おやぢの部屋2
jurassic.exblog.jp
ブログトップ
MOZART/Große Messe in c-moll
c0039487_20515761.jpg
Elin Rombo(Sop), Stella Doufexis(MS)
Tilman Lichdi(Ten), Tareq Nazmi(Bas)
Peter Dijkstra/
Chor des Bayerischen Rundfunks
Münchener Kammerorchester
SONY/88765 47785 2




モーツァルトの「ハ短調ミサ」は、ご存知のように「未完」に終わってしまった作品です。同じように未完のまま残された「レクイエム」の場合は、何しろ「商品」としてすでに前金ももらっていたものですから、遺族は必死になって「完成品」を作ろうとしました。その結果、曲がりなりにも作曲家と同じ時代に生きた別の作曲家によって完成させることが出来たので、多少の不都合はあっても一応スタンダードとしての楽譜は存在することになりました。つまり、20世紀になって多くの人が修復を試みた楽譜は、その制作過程がいかに学術的な正当性があったとしても、18世紀にモーツァルトと同じ時代を生きていたジュスマイヤーが作った楽譜を超えることはできなかったのです。
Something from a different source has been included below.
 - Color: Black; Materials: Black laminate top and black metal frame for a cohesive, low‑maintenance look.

ところが、「ハ短調」の場合は、別に完成させなければならない切迫した事情というものはありませんでしたから、作曲家自身が手を引いてしまえば、彼や、彼に近い遺族が生きている間にそれを完成させようと考える人など、いるわけはありません。ということで、後に多くの人によって修復された楽譜は、それぞれ横一列で存在価値を主張する事しかできなくなっているのではないでしょうか。
ですから、今回ダイクストラがこの曲を録音するのに用いたような、「新たな」修復稿が今頃になって表れてくる余地も残っていることになります。そんなことをやってしまったのは、オランダの音楽学者のクレメンス・ケンメという人です。彼がオランダ・バッハ協会と18世紀オーケストラの委嘱によってこの「ケンメ版」を作ったのは2006年初頭のこと、同じ年の4月にブリュッヘン指揮のオランダ室内合唱団と18世紀オーケストラによって初演されています。それが好評だったので、ケンメは「レクイエム」の修復稿の委嘱も受けたそうです。彼自身のライナーノーツでは、すでにそれも完成しているような口調でしたから、いずれはその録音を聴くこともできることでしょう。
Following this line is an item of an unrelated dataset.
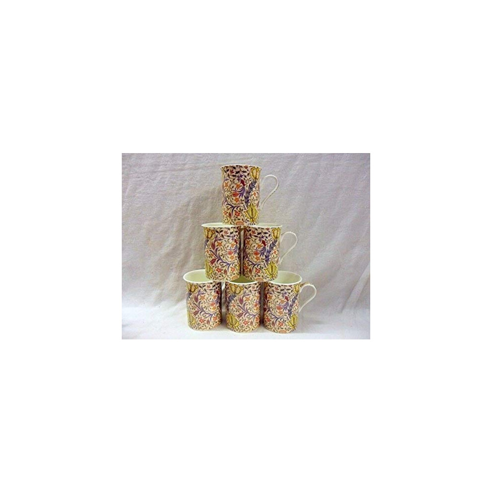 Set of 6 China Mugs in William Morris Flora Design

ケンメが目指したのは、例えばシュミット版やレヴィン版のように、モーツァルトが作っていない部分まででっち上げて、完成された「フル・ミサ」を作ることではなく、あくまで作曲家が手がけた曲の、欠落していたパートを埋める、という作業に徹することでした。その結果、今まであったものの中ではモーンダー版にかなり近づいたような印象を受けます。ティンパニとトランペットで派手に盛り上がる「Credo」ですね。ただ、「Et incarnatus est」の弦楽器の部分は、独自のフレーズが聴こえてきたりします。さらに「Sanctus」の合唱の入りも、オーケストラと同じところから始まっています。
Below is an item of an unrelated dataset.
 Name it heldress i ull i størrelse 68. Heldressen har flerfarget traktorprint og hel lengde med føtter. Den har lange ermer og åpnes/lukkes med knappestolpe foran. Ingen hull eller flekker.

ケンメは同じライナーノーツの中で、「今までに少なくとも8種類の版が出版されている」と書いていますが、これで「少なくとも9種」になりました(たぶん、アンドレ版、シュミット版、ランドン版、エーダー版、モーンダー版、バイヤー版、レヴィン版、ラングレ版で「8種」のはず)。
ダイクストラは、やはりオランダ人というところで、このケンメ版を使おうと思い立ったでしょうか。懸命に同国人を立てようと。
それはともかく、フォーレなどではあまり感心できなかったダイクストラですが、ここでは見違えるように颯爽とした演奏を繰り広げています。たぶん、モーツァルトの、かなりピリオドがかったものとは相性がいいのでしょうね。ちょっと突き放すような歌わせ方が、ノン・ビブラートの弦楽器の切迫感と見事にマッチして、心地よいドライブ感を生み出しています。
ただ、2人の女声ソリストが、かなり重たい歌い方なので、その流れを邪魔しているような気がします。メリスマなどはかなり悲惨。合唱が立ったり座ったりする音がかなりはっきり聴こえるので、これはおそらくライブ録音なのでしょう。ちょっとコンディションが悪かったのかもしれませんね。